[Stored entries]
+--
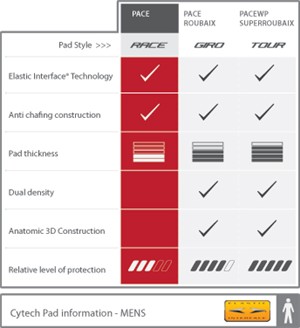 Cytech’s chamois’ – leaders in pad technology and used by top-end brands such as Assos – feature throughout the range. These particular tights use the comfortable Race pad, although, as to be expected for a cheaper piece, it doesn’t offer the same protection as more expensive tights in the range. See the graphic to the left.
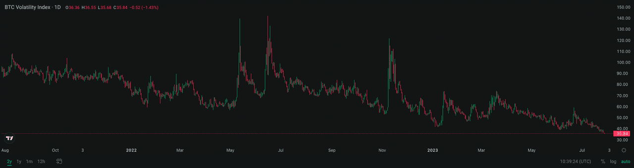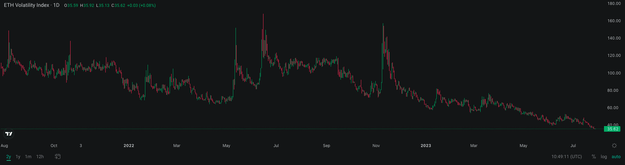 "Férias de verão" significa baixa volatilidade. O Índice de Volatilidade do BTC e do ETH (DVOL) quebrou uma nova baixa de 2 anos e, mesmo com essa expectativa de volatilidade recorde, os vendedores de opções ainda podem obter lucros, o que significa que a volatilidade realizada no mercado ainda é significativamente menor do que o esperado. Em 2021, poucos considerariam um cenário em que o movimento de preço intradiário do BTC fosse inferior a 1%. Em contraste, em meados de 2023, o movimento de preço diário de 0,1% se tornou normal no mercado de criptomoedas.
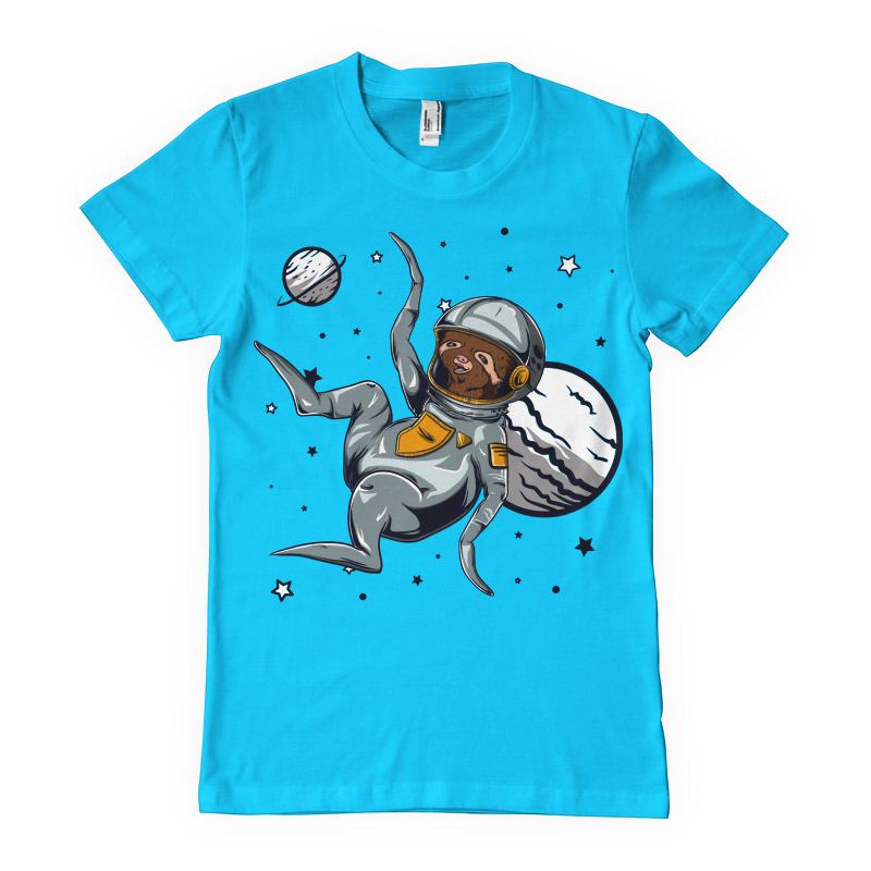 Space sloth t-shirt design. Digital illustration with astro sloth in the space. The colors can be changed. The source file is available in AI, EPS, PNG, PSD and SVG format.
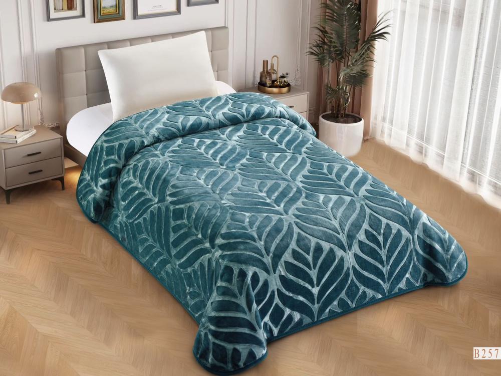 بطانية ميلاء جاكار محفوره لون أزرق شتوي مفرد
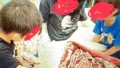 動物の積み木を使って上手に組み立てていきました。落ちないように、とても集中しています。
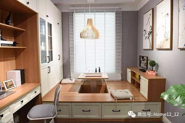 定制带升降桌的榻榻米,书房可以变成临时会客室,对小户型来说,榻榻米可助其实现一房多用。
+--
Leave every picture out, and transcribe the data above exactly as it reads.

 Cytech’s chamois’ – leaders in pad technology and used by top-end brands such as Assos – feature throughout the range. These particular tights use the comfortable Race pad, although, as to be expected for a cheaper piece, it doesn’t offer the same protection as more expensive tights in the range. See the graphic to the left.
 "Férias de verão" significa baixa volatilidade. O Índice de Volatilidade do BTC e do ETH (DVOL) quebrou uma nova baixa de 2 anos e, mesmo com essa expectativa de volatilidade recorde, os vendedores de opções ainda podem obter lucros, o que significa que a volatilidade realizada no mercado ainda é significativamente menor do que o esperado. Em 2021, poucos considerariam um cenário em que o movimento de preço intradiário do BTC fosse inferior a 1%. Em contraste, em meados de 2023, o movimento de preço diário de 0,1% se tornou normal no mercado de criptomoedas.
 Space sloth t-shirt design. Digital illustration with astro sloth in the space. The colors can be changed. The source file is available in AI, EPS, PNG, PSD and SVG format.
 بطانية ميلاء جاكار محفوره لون أزرق شتوي مفرد
 動物の積み木を使って上手に組み立てていきました。落ちないように、とても集中しています。
 定制带升降桌的榻榻米,书房可以变成临时会客室,对小户型来说,榻榻米可助其实现一房多用。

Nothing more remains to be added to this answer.